- Born: 9 April 1970 (age 56) Brisbane, Queensland, Australia
- Occupations: Television presenter, actor
- Years active: 1986-present

= Tony Johnston =

Australian television presenter, producer and radio broadcaster

Tony Johnston (born 9 April 1970) is an Australian television presenter, producer and radio broadcaster. Tony began his career in 1986, as a presenter on the music video show Saturday Jukebox on the Seven Network in Australia.

In 1987, he started hosting the children's program OK with the Nine Network. In 1992, Tony became a reporter with the Logie Award winning program Wonder World. Johnston also hosted Nine's children's game show My Generation. In 1996, he was named host of the children's game show, Time Masters on the Seven Network. In the same year, he became a presenter The Great Outdoors. In 1999, he became host of another children's game show Wipeout.

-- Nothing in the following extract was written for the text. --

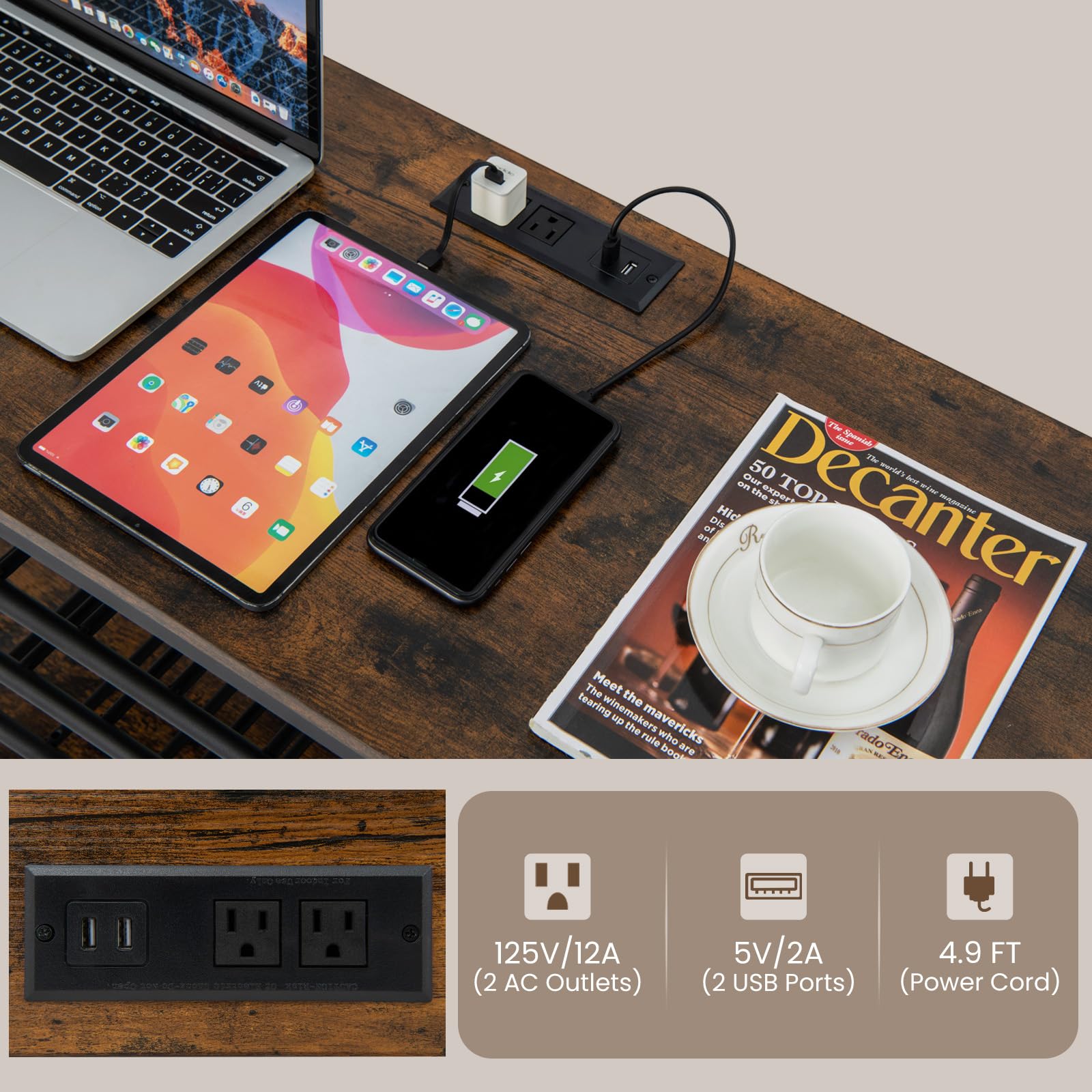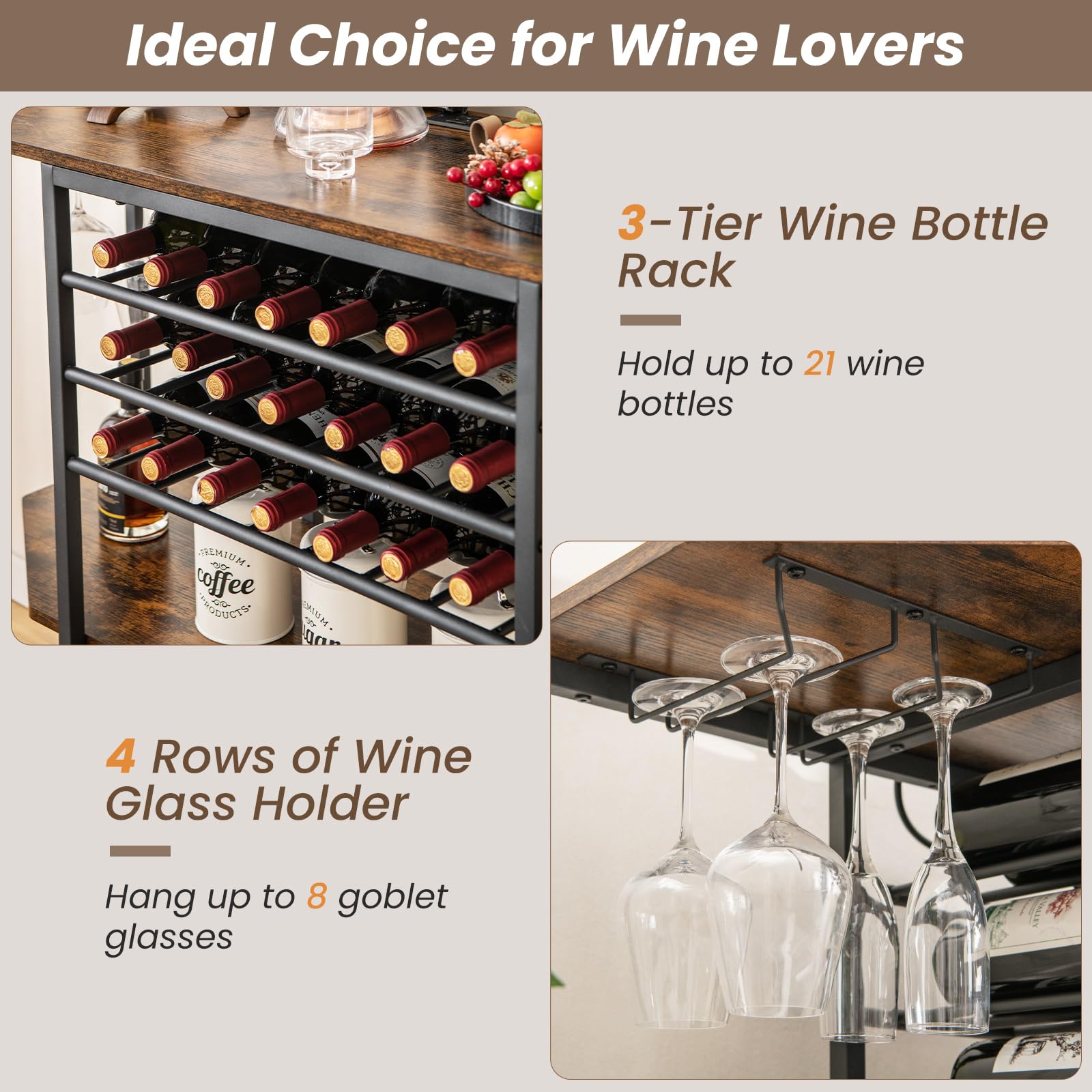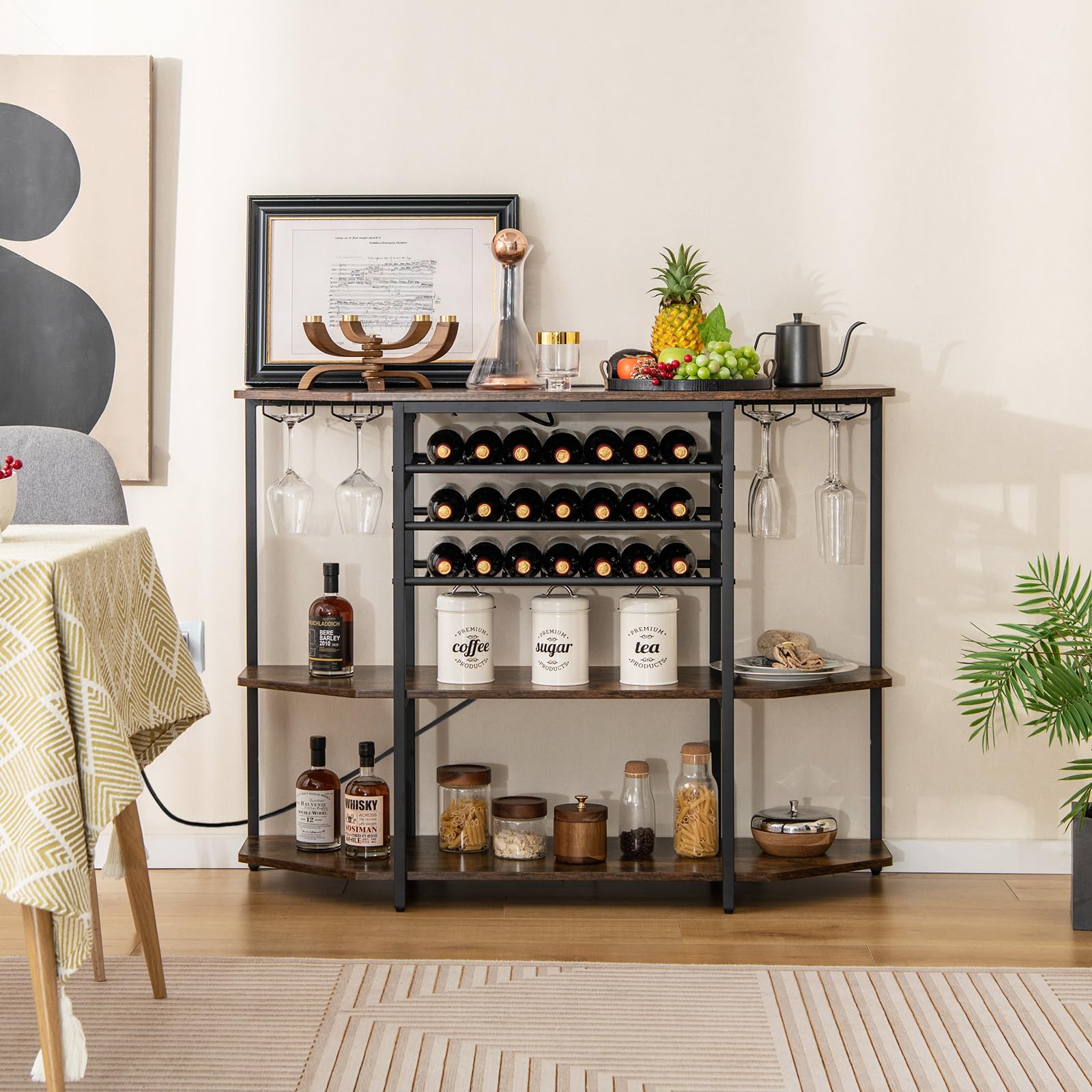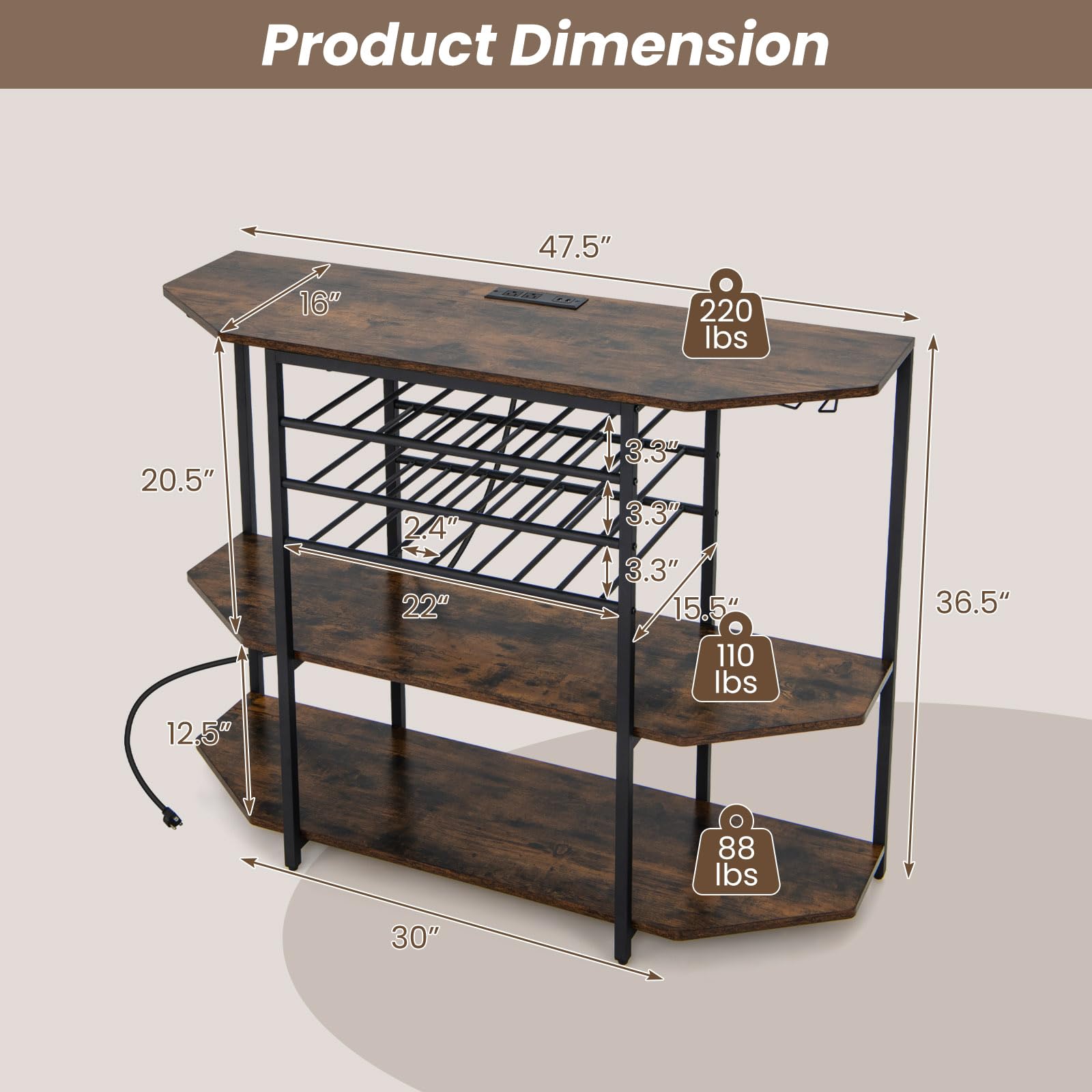 Create a focal point with this contemporary wine rack table by displaying wine and a coffee maker. With a built-in charging station, you can simultaneously charge multiple electric devices. Combining wine bottle rack, glasses holder and open storage shelves in one, the freestanding bar cabinet will meet your needs for storing wine bottles, glasses and other kitchen supplies. Worried about its stability? No need! The adjustable foot pads will keep it stable on uneven floors. In addition, the anti-tipping device will prevent it from tip-overs. Besides using it as a wine rack, it also works amazingly as a sideboard, coffee bar cabinet and more.

Between 2002 and 2003, Johnston was the weather presenter on Seven News Brisbane. He also worked as a reporter for The Great South East in Queensland and hosted a talkback radio show on Brisbane radio station 4BC. From 2003, he was a director of a new media production company Tjtv Pty Ltd, and continued his radio career with the Australian Broadcasting Corporation, as a presenter with ABC Radio Brisbane and Coast FM. In 2008, he joined World Radio Switzerland, Switzerland's English speaking radio station.